EXERCISE GOAL
Every line of the data needs to be returned exactly.
◇ ◇ ◇ ◇ ◇ ◇ ◇
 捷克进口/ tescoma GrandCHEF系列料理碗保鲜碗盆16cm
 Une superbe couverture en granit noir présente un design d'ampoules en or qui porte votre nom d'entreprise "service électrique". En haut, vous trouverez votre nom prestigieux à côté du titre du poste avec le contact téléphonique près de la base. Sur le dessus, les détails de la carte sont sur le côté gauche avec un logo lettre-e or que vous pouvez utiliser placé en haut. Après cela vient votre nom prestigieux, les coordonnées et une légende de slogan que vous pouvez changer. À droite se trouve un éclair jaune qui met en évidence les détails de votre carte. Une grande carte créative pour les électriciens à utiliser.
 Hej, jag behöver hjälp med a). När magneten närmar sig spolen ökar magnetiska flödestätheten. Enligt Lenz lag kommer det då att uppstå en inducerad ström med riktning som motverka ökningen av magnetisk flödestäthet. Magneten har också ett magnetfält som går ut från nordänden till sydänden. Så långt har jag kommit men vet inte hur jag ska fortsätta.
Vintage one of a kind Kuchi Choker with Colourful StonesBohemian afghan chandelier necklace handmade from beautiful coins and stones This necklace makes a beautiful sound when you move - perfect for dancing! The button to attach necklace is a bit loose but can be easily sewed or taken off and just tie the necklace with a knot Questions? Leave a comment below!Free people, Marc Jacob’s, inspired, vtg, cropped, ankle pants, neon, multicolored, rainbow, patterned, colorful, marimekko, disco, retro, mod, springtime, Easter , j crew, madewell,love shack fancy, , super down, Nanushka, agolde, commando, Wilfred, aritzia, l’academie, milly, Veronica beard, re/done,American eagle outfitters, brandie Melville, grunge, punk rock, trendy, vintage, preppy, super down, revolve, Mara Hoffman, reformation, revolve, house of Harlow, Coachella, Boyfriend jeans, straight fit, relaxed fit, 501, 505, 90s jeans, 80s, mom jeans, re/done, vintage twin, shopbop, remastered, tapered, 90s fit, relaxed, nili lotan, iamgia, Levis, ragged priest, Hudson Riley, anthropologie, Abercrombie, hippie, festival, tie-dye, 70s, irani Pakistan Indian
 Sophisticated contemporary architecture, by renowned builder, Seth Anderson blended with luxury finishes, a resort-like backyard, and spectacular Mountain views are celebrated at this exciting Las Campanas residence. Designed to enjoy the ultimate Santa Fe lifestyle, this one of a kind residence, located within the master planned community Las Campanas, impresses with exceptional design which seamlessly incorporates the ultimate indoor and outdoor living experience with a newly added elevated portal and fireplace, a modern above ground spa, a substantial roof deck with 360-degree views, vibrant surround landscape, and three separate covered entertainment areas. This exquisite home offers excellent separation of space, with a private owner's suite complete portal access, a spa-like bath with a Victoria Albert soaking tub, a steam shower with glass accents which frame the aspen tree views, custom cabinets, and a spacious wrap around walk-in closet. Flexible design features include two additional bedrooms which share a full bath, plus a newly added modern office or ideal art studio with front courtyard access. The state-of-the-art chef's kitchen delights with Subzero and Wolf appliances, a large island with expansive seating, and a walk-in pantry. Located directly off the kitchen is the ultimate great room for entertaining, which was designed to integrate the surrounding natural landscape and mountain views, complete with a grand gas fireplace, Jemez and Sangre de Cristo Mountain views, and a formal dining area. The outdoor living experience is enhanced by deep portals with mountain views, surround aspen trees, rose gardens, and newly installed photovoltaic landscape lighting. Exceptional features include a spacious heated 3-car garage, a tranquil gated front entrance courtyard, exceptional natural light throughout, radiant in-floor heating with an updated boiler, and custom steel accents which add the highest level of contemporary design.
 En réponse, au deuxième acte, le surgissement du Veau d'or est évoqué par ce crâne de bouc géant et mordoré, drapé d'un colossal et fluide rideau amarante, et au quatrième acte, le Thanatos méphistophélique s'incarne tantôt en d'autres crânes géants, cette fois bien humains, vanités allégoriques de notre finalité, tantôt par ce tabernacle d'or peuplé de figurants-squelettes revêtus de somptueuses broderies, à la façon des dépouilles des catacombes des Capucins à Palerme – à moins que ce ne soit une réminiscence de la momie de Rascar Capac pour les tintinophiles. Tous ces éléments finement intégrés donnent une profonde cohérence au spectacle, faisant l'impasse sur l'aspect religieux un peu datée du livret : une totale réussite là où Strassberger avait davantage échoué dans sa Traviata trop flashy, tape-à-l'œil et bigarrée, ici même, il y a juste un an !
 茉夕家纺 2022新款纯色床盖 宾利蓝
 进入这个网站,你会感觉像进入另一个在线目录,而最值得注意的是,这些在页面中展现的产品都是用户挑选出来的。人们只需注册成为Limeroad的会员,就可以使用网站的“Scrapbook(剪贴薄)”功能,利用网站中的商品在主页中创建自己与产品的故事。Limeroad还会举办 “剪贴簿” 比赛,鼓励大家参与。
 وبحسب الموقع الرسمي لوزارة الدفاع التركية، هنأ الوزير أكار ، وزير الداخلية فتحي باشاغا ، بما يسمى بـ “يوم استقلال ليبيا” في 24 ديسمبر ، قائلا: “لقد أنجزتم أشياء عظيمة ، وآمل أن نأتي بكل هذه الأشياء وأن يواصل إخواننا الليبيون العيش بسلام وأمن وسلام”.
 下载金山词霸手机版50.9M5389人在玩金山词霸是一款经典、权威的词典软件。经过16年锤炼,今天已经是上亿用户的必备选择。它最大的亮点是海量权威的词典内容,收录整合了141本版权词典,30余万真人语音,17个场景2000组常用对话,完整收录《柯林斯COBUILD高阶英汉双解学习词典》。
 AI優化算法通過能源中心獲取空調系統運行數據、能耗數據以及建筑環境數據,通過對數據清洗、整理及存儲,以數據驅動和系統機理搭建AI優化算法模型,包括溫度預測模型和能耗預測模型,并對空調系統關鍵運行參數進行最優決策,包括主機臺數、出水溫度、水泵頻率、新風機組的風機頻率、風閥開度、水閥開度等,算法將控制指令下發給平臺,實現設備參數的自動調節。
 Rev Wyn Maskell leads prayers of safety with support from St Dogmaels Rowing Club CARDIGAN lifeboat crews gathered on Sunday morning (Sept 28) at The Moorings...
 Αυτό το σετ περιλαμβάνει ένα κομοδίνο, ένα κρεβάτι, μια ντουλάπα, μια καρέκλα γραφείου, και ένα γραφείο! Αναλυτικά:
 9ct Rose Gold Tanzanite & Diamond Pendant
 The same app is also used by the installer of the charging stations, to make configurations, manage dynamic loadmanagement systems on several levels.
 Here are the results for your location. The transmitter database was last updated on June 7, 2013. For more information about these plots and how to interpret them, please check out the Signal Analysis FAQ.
◇ ◇ ◇ ◇ ◇ ◇ ◇
TASK OUTPUT
 捷克进口/ tescoma GrandCHEF系列料理碗保鲜碗盆16cm
 Une superbe couverture en granit noir présente un design d'ampoules en or qui porte votre nom d'entreprise "service électrique". En haut, vous trouverez votre nom prestigieux à côté du titre du poste avec le contact téléphonique près de la base. Sur le dessus, les détails de la carte sont sur le côté gauche avec un logo lettre-e or que vous pouvez utiliser placé en haut. Après cela vient votre nom prestigieux, les coordonnées et une légende de slogan que vous pouvez changer. À droite se trouve un éclair jaune qui met en évidence les détails de votre carte. Une grande carte créative pour les électriciens à utiliser.
 Hej, jag behöver hjälp med a). När magneten närmar sig spolen ökar magnetiska flödestätheten. Enligt Lenz lag kommer det då att uppstå en inducerad ström med riktning som motverka ökningen av magnetisk flödestäthet. Magneten har också ett magnetfält som går ut från nordänden till sydänden. Så långt har jag kommit men vet inte hur jag ska fortsätta.
Vintage one of a kind Kuchi Choker with Colourful StonesBohemian afghan chandelier necklace handmade from beautiful coins and stones This necklace makes a beautiful sound when you move - perfect for dancing! The button to attach necklace is a bit loose but can be easily sewed or taken off and just tie the necklace with a knot Questions? Leave a comment below!Free people, Marc Jacob’s, inspired, vtg, cropped, ankle pants, neon, multicolored, rainbow, patterned, colorful, marimekko, disco, retro, mod, springtime, Easter , j crew, madewell,love shack fancy, , super down, Nanushka, agolde, commando, Wilfred, aritzia, l’academie, milly, Veronica beard, re/done,American eagle outfitters, brandie Melville, grunge, punk rock, trendy, vintage, preppy, super down, revolve, Mara Hoffman, reformation, revolve, house of Harlow, Coachella, Boyfriend jeans, straight fit, relaxed fit, 501, 505, 90s jeans, 80s, mom jeans, re/done, vintage twin, shopbop, remastered, tapered, 90s fit, relaxed, nili lotan, iamgia, Levis, ragged priest, Hudson Riley, anthropologie, Abercrombie, hippie, festival, tie-dye, 70s, irani Pakistan Indian
 Sophisticated contemporary architecture, by renowned builder, Seth Anderson blended with luxury finishes, a resort-like backyard, and spectacular Mountain views are celebrated at this exciting Las Campanas residence. Designed to enjoy the ultimate Santa Fe lifestyle, this one of a kind residence, located within the master planned community Las Campanas, impresses with exceptional design which seamlessly incorporates the ultimate indoor and outdoor living experience with a newly added elevated portal and fireplace, a modern above ground spa, a substantial roof deck with 360-degree views, vibrant surround landscape, and three separate covered entertainment areas. This exquisite home offers excellent separation of space, with a private owner's suite complete portal access, a spa-like bath with a Victoria Albert soaking tub, a steam shower with glass accents which frame the aspen tree views, custom cabinets, and a spacious wrap around walk-in closet. Flexible design features include two additional bedrooms which share a full bath, plus a newly added modern office or ideal art studio with front courtyard access. The state-of-the-art chef's kitchen delights with Subzero and Wolf appliances, a large island with expansive seating, and a walk-in pantry. Located directly off the kitchen is the ultimate great room for entertaining, which was designed to integrate the surrounding natural landscape and mountain views, complete with a grand gas fireplace, Jemez and Sangre de Cristo Mountain views, and a formal dining area. The outdoor living experience is enhanced by deep portals with mountain views, surround aspen trees, rose gardens, and newly installed photovoltaic landscape lighting. Exceptional features include a spacious heated 3-car garage, a tranquil gated front entrance courtyard, exceptional natural light throughout, radiant in-floor heating with an updated boiler, and custom steel accents which add the highest level of contemporary design.
 En réponse, au deuxième acte, le surgissement du Veau d'or est évoqué par ce crâne de bouc géant et mordoré, drapé d'un colossal et fluide rideau amarante, et au quatrième acte, le Thanatos méphistophélique s'incarne tantôt en d'autres crânes géants, cette fois bien humains, vanités allégoriques de notre finalité, tantôt par ce tabernacle d'or peuplé de figurants-squelettes revêtus de somptueuses broderies, à la façon des dépouilles des catacombes des Capucins à Palerme – à moins que ce ne soit une réminiscence de la momie de Rascar Capac pour les tintinophiles. Tous ces éléments finement intégrés donnent une profonde cohérence au spectacle, faisant l'impasse sur l'aspect religieux un peu datée du livret : une totale réussite là où Strassberger avait davantage échoué dans sa Traviata trop flashy, tape-à-l'œil et bigarrée, ici même, il y a juste un an !
 茉夕家纺 2022新款纯色床盖 宾利蓝
 进入这个网站,你会感觉像进入另一个在线目录,而最值得注意的是,这些在页面中展现的产品都是用户挑选出来的。人们只需注册成为Limeroad的会员,就可以使用网站的“Scrapbook(剪贴薄)”功能,利用网站中的商品在主页中创建自己与产品的故事。Limeroad还会举办 “剪贴簿” 比赛,鼓励大家参与。
 وبحسب الموقع الرسمي لوزارة الدفاع التركية، هنأ الوزير أكار ، وزير الداخلية فتحي باشاغا ، بما يسمى بـ “يوم استقلال ليبيا” في 24 ديسمبر ، قائلا: “لقد أنجزتم أشياء عظيمة ، وآمل أن نأتي بكل هذه الأشياء وأن يواصل إخواننا الليبيون العيش بسلام وأمن وسلام”.
 下载金山词霸手机版50.9M5389人在玩金山词霸是一款经典、权威的词典软件。经过16年锤炼,今天已经是上亿用户的必备选择。它最大的亮点是海量权威的词典内容,收录整合了141本版权词典,30余万真人语音,17个场景2000组常用对话,完整收录《柯林斯COBUILD高阶英汉双解学习词典》。
 AI優化算法通過能源中心獲取空調系統運行數據、能耗數據以及建筑環境數據,通過對數據清洗、整理及存儲,以數據驅動和系統機理搭建AI優化算法模型,包括溫度預測模型和能耗預測模型,并對空調系統關鍵運行參數進行最優決策,包括主機臺數、出水溫度、水泵頻率、新風機組的風機頻率、風閥開度、水閥開度等,算法將控制指令下發給平臺,實現設備參數的自動調節。
 Rev Wyn Maskell leads prayers of safety with support from St Dogmaels Rowing Club CARDIGAN lifeboat crews gathered on Sunday morning (Sept 28) at The Moorings...
 Αυτό το σετ περιλαμβάνει ένα κομοδίνο, ένα κρεβάτι, μια ντουλάπα, μια καρέκλα γραφείου, και ένα γραφείο! Αναλυτικά:
 9ct Rose Gold Tanzanite & Diamond Pendant
 The same app is also used by the installer of the charging stations, to make configurations, manage dynamic loadmanagement systems on several levels.
 Here are the results for your location. The transmitter database was last updated on June 7, 2013. For more information about these plots and how to interpret them, please check out the Signal Analysis FAQ.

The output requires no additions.